Every entry is to be transcribed as it stands. Images stay out.

[Records Boundary: Start]

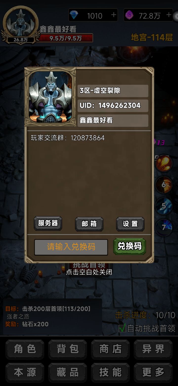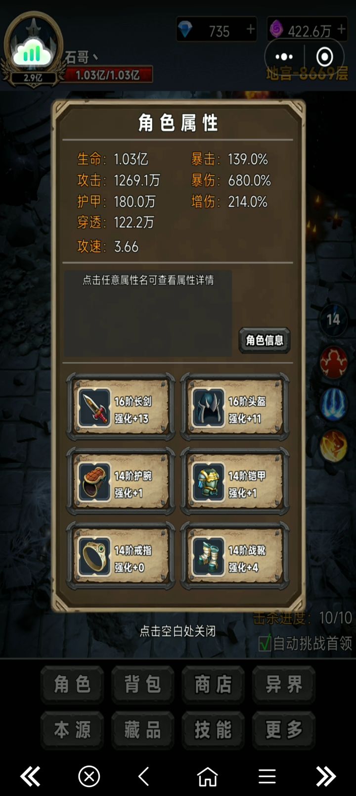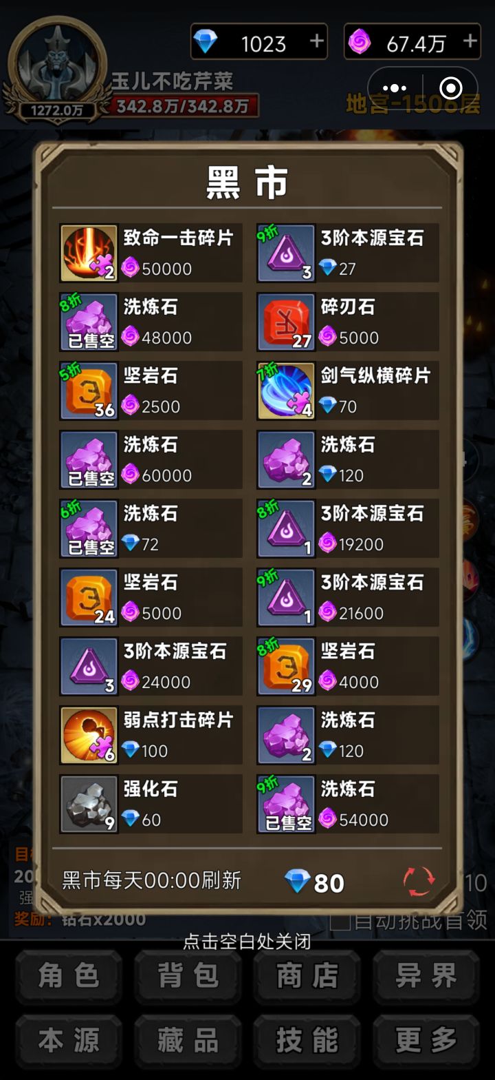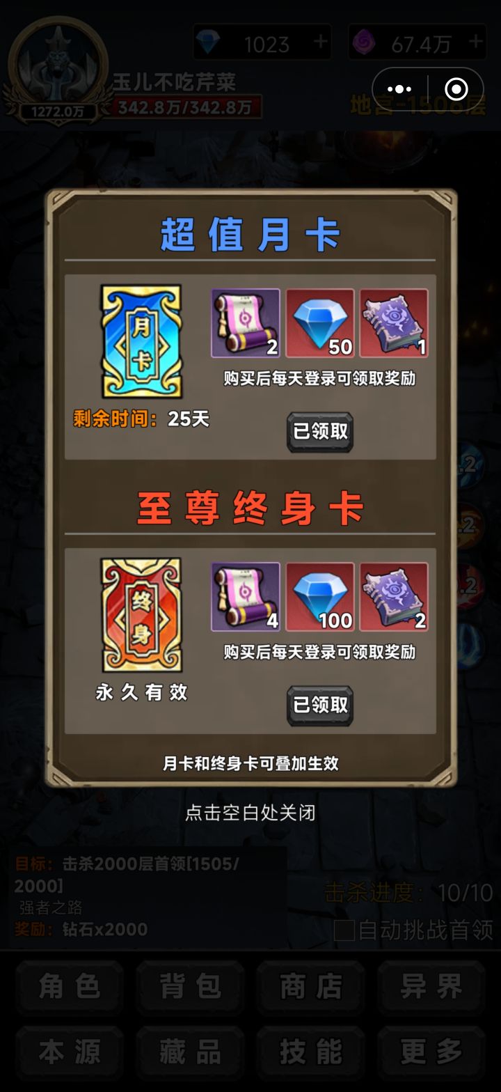 虽然才玩了不到1星期,但看了几位官方推荐的大佬攻略,也来水下,有不对的请大佬们在评论区说下。白嫖党前期进游戏钻石不要乱花,装备主升武器和头盔(刚开始玩不知道,平均升装备不好冲排行榜),基本头两天就能开个月卡,至于永久卡就看能不能忍住不乱花钻石了(我是忍不住的……)。20层后在更多-黑市里刷新折扣道具,异界卷是必拿的,其它道具看自己的需求。技能方面寒冰术是一定要的,前期搭配剑气纵横,月华斩,致命
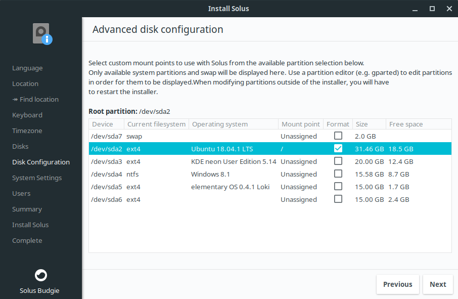 - Automatically partition this empty disk and install a fresh copy of Solus — автоматически разметить пустой диск и установить на него Solus. Выберите данный пункт, если вы устанавливаете Solus на пустой диск.
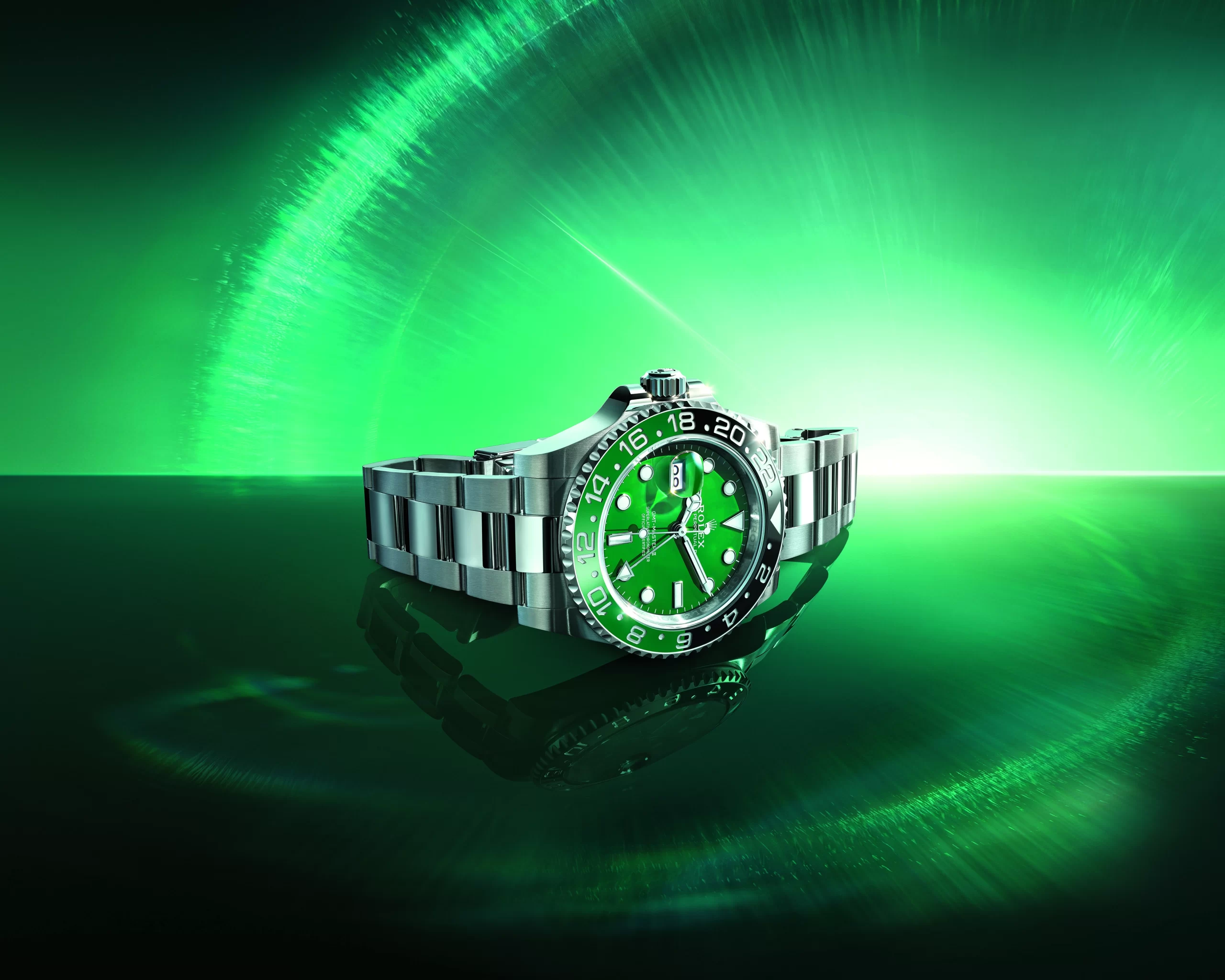 Thank you for reading this post, don't forget to subscribe!Rolex is introducing its first-ever dial made of high-technology ceramic. This inaugural green Cerachrom component makes its debut on an Oyster Perpetual GMT-Master II with winding crown on the left side of the case and date aperture at 9 o’clock, a version which additionally, this year, is presented in 18 ct white gold.
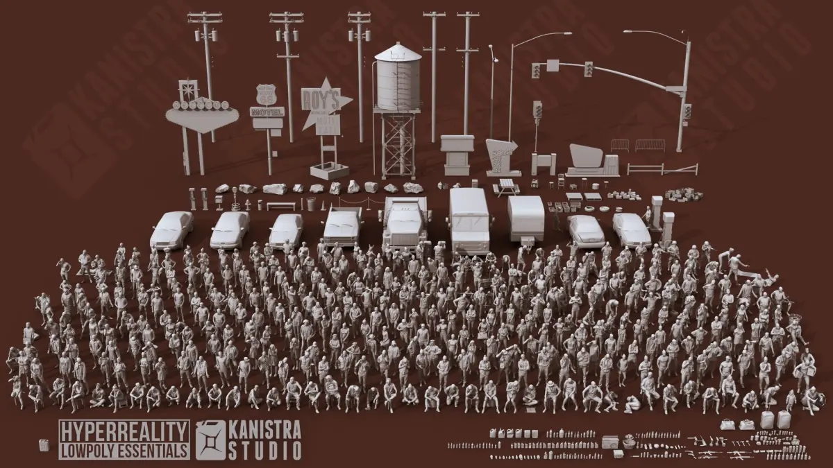 Hyperrealistic Lowpoly Essentials is a set of 3D stylized lowpoly characters models and entourage items and props, thoughtfully designed to infuse depth and realism into your creative projects.
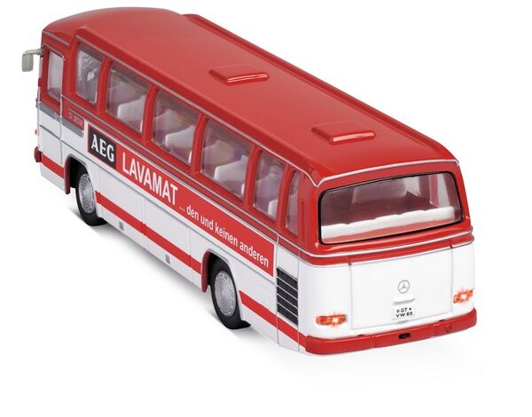 Der O 302 von Mercedes-Benz wurde 1965 vorgestellt, bis 1976 wurden mehr als 32.000 Exemplare gebaut. Eingesetzt wurde der Hochflurbus als echter Allrounder im Stadt-, Überland- und auch im Fernreiseverkehr. Das CARSON-Modell im Maßstab 1:87 verfügt über eine störungsfreie 2.4 GHz Fernsteueranlage, die eine fein abgestimmte Steuerung (digital-proportional) von Gas und Lenkung mit Lenkungstrimmung ermöglicht. Der eingebaute Li-Ion Fahrakku sorgt für eine extra lange Fahrzeit von bis zu 60 Minuten bei nur 30 Minuten Ladezeit. Geladen wird der Mini-Bus über den Power-Plug direkt am Sender. Damit ist der schicke Omnibus stets fahrbereit: auf der Eisenbahnanlage, auf dem Schreibtisch oder auch unterwegs. Die detaillierte Lackierung und die AEG-Lavamat-Bedruckung sowie die funktionierenden Front- und Rückleuchten verleihen dem kleinen Klassiker den letzten Schliff. Das typische Motorengeräusch ist unverkennbar und lässt sich über den Sender ein- und ausschalten. Aufbewahrt werden Fahrzeug und Sender in einer mitgelieferten Vitrine. 4 AAA-Senderbatterien vervollständigen den Lieferumfang zu einem 100 % Komplett-Set. Viel Spaß mit dem Mercedes-Benz O 302 AEG! Kaufen – Laden – Fahren!
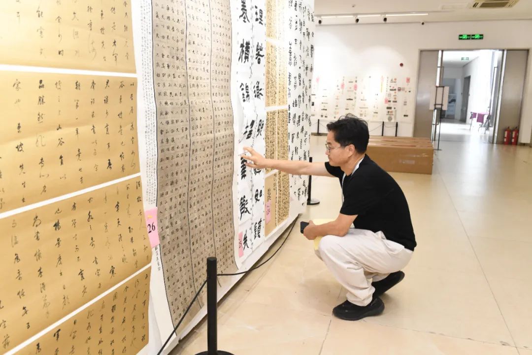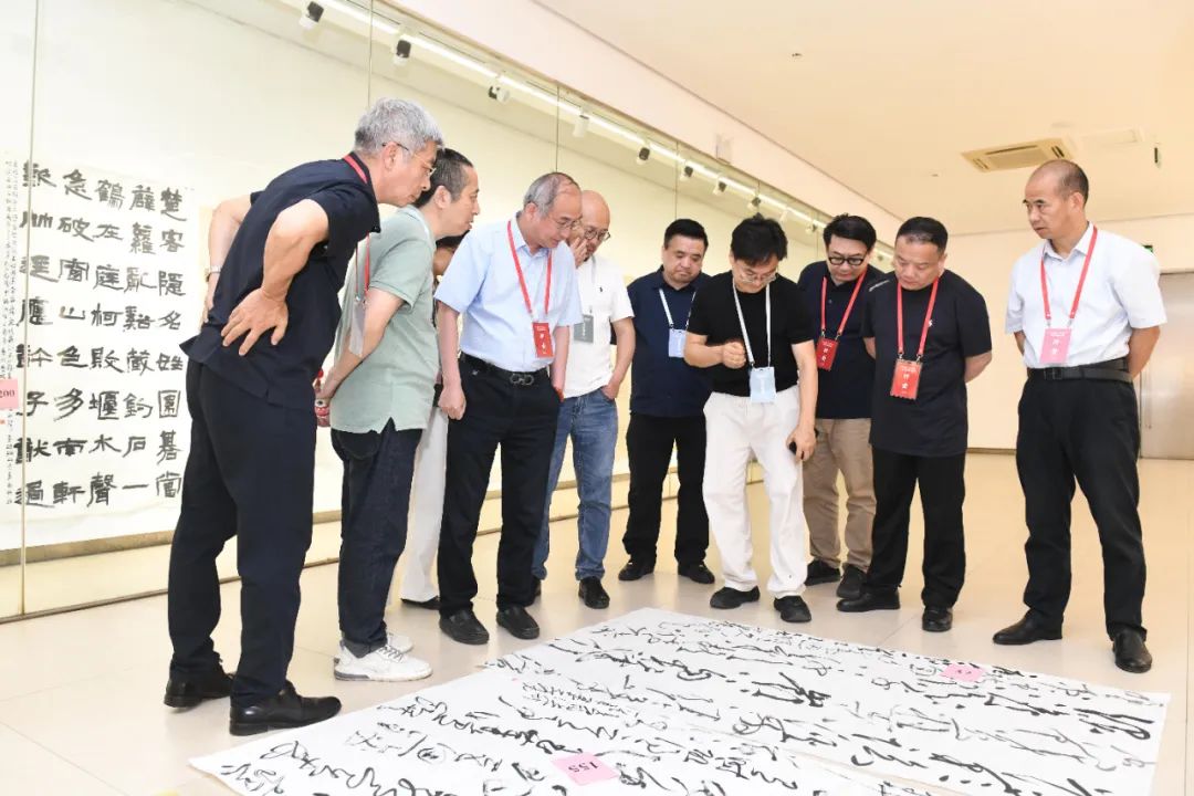 终评工作于6月9日下午开展。终评采取全体投票机制,对进入终评作者的作品全部铺开并重新编号,每位评委对作品进行评审并在投票表上投票。经文字审读后,评出拟入展作者163人,其中评出拟获优秀作者18人。
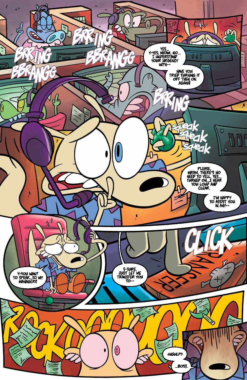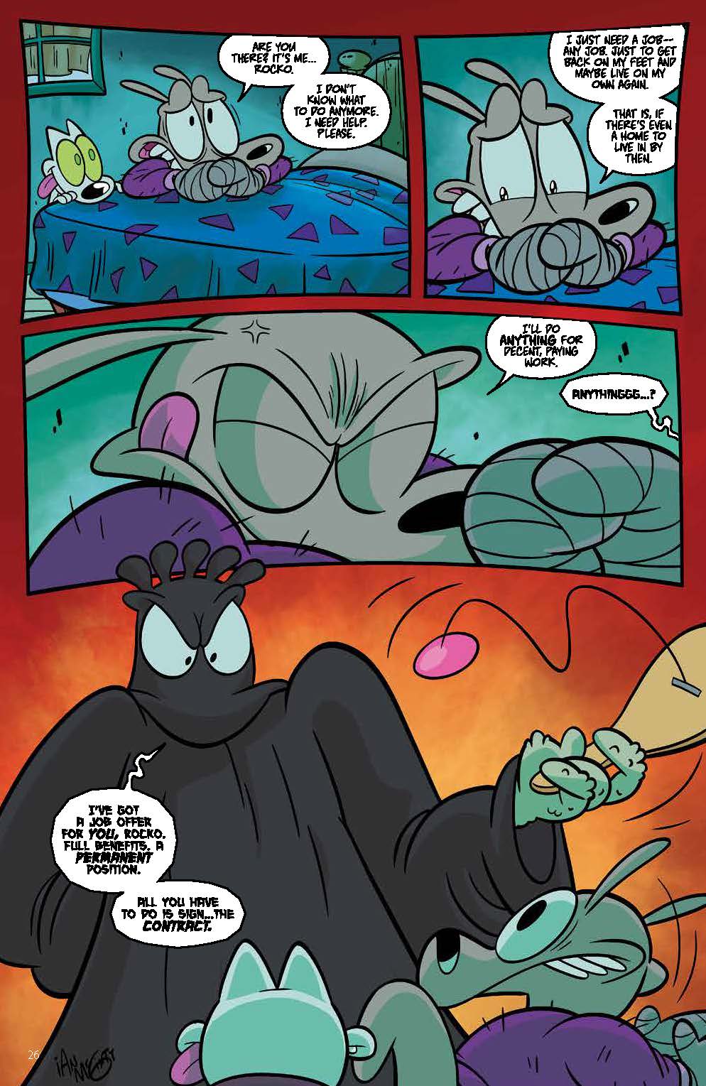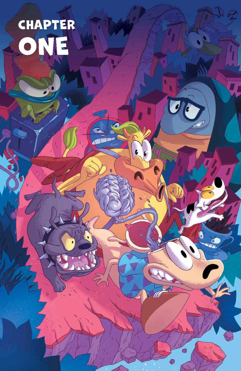 But even in the midst of this techno-utopia, there’s something not quite right with Rocko’s fellow citizens. While Rocko takes two weeks to chill and unplug from technology, the rest of the town seems to be going mad. When danger comes knocking at his door, the newly zen wallaby will have to choose whether to stay barricaded within his home or venture forth into a wasteland of mindless citizens.

[Records Boundary: End]

* _Task result_:
 虽然才玩了不到1星期,但看了几位官方推荐的大佬攻略,也来水下,有不对的请大佬们在评论区说下。白嫖党前期进游戏钻石不要乱花,装备主升武器和头盔(刚开始玩不知道,平均升装备不好冲排行榜),基本头两天就能开个月卡,至于永久卡就看能不能忍住不乱花钻石了(我是忍不住的……)。20层后在更多-黑市里刷新折扣道具,异界卷是必拿的,其它道具看自己的需求。技能方面寒冰术是一定要的,前期搭配剑气纵横,月华斩,致命
 - Automatically partition this empty disk and install a fresh copy of Solus — автоматически разметить пустой диск и установить на него Solus. Выберите данный пункт, если вы устанавливаете Solus на пустой диск.
 Thank you for reading this post, don't forget to subscribe!Rolex is introducing its first-ever dial made of high-technology ceramic. This inaugural green Cerachrom component makes its debut on an Oyster Perpetual GMT-Master II with winding crown on the left side of the case and date aperture at 9 o’clock, a version which additionally, this year, is presented in 18 ct white gold.
 Hyperrealistic Lowpoly Essentials is a set of 3D stylized lowpoly characters models and entourage items and props, thoughtfully designed to infuse depth and realism into your creative projects.
 Der O 302 von Mercedes-Benz wurde 1965 vorgestellt, bis 1976 wurden mehr als 32.000 Exemplare gebaut. Eingesetzt wurde der Hochflurbus als echter Allrounder im Stadt-, Überland- und auch im Fernreiseverkehr. Das CARSON-Modell im Maßstab 1:87 verfügt über eine störungsfreie 2.4 GHz Fernsteueranlage, die eine fein abgestimmte Steuerung (digital-proportional) von Gas und Lenkung mit Lenkungstrimmung ermöglicht. Der eingebaute Li-Ion Fahrakku sorgt für eine extra lange Fahrzeit von bis zu 60 Minuten bei nur 30 Minuten Ladezeit. Geladen wird der Mini-Bus über den Power-Plug direkt am Sender. Damit ist der schicke Omnibus stets fahrbereit: auf der Eisenbahnanlage, auf dem Schreibtisch oder auch unterwegs. Die detaillierte Lackierung und die AEG-Lavamat-Bedruckung sowie die funktionierenden Front- und Rückleuchten verleihen dem kleinen Klassiker den letzten Schliff. Das typische Motorengeräusch ist unverkennbar und lässt sich über den Sender ein- und ausschalten. Aufbewahrt werden Fahrzeug und Sender in einer mitgelieferten Vitrine. 4 AAA-Senderbatterien vervollständigen den Lieferumfang zu einem 100 % Komplett-Set. Viel Spaß mit dem Mercedes-Benz O 302 AEG! Kaufen – Laden – Fahren!
 终评工作于6月9日下午开展。终评采取全体投票机制,对进入终评作者的作品全部铺开并重新编号,每位评委对作品进行评审并在投票表上投票。经文字审读后,评出拟入展作者163人,其中评出拟获优秀作者18人。
 But even in the midst of this techno-utopia, there’s something not quite right with Rocko’s fellow citizens. While Rocko takes two weeks to chill and unplug from technology, the rest of the town seems to be going mad. When danger comes knocking at his door, the newly zen wallaby will have to choose whether to stay barricaded within his home or venture forth into a wasteland of mindless citizens.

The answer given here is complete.